A Pancoast tumor is a neoplasm arising in the superior sulcus (apex) of the lung that invades adjacent structures of the thoracic inlet. The superior sulcus is an anatomic pleuropulmonary groove formed by the subclavian artery as it curves anterior to the pleura and courses upward and laterally beneath the lung apex. Because of this location, Pancoast tumors frequently extend into the chest wall, brachial plexus, and sympathetic nerves, producing a characteristic pattern of local invasion and symptoms not typically seen with other lung cancers.[1][2] The natural history of Pancoast tumors often involves a prolonged asymptomatic period, with symptoms typically arising only when the tumor becomes large enough to invade nearby structures. Common symptoms include shoulder pain, Horner syndrome, and weakness or atrophy of the hand muscles, also referred to as Pancoast-Tobias syndrome.[3] Local invasion of the tumor into the brachial plexus and sympathetic chain produces these manifestations. Sympathetic nervous system involvement leads to the classic signs of Horner syndrome (ptosis, miosis, and anhidrosis on the affected side). Although initially localized, Pancoast tumors can be biologically aggressive and may metastasize to regional lymph nodes and distant organs, contributing to substantial morbidity and, if untreated, a poor prognosis. Pancoast tumors represent a distinct subset of lung cancer defined by their apical location, neurovascular involvement, and unique symptom complex. Early recognition and timely, interdisciplinary evaluation, including thoracic surgery, medical oncology, and radiation oncology, are essential to optimize staging, enable curative multimodality therapy, and improve patient outcomes.[4]

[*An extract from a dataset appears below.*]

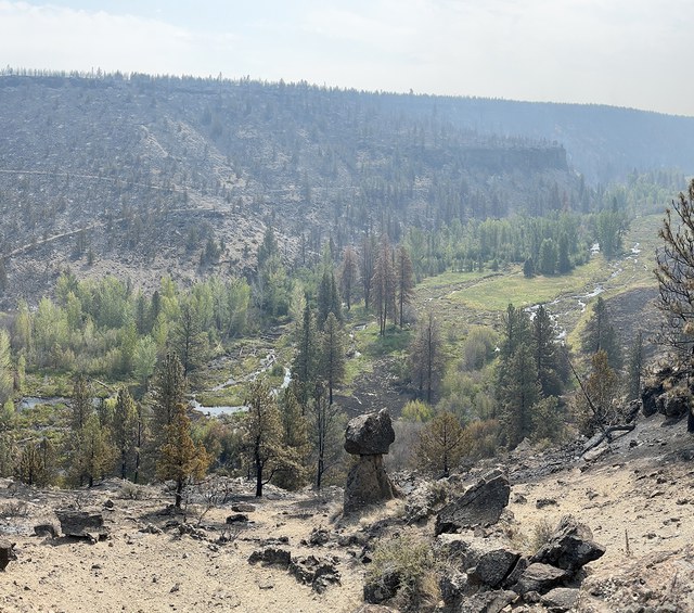 - Whychus Canyon Preserve: significant portions of the Preserve burned. Initial reports suggest that the burn was patchy, with some places burning hotter than others. The unrestored portion of Whychus Creek in the canyon appears to have burned hot. We have yet to get reports on the northernmost section of the Preserve where we restored Whychus Creek in 2016. Trailhead impacts have been moderate so far, and we were pleased to hear our trailhead kiosk survived! Given the fire, Whychus Canyon Preserve is currently closed to all use.

Pancoast tumors are primary lung cancers arising in the apical region of the lung, also known as the superior sulcus, and account for approximately 3% to 5% of all lung cancers. Most Pancoast tumors are non–small cell lung cancers (NSCLC), which represent more than 95% of reported cases. Consequently, Pancoast tumors are best regarded as a distinct clinical and anatomical subset of NSCLC that warrants special consideration due to their proximity to the brachial plexus, sympathetic chain, and chest wall. Pancoast syndrome, the characteristic constellation of shoulder and arm pain, Horner syndrome, and hand muscle weakness, is most commonly caused by apical lung cancer but is not exclusive to this etiology. Other etiologies include pleural mesothelioma, metastatic disease to the lung apex (such as from malignant neoplasms or lymphomas of the thyroid), and inflammatory or infectious processes involving the apical pleura or chest wall (for example, infections due to Pseudomonas, Staphylococcus, or Actinomyces spp). Recognizing this differential diagnosis is important, as nonmalignant conditions can occasionally mimic the clinical picture of a Pancoast tumor.[5]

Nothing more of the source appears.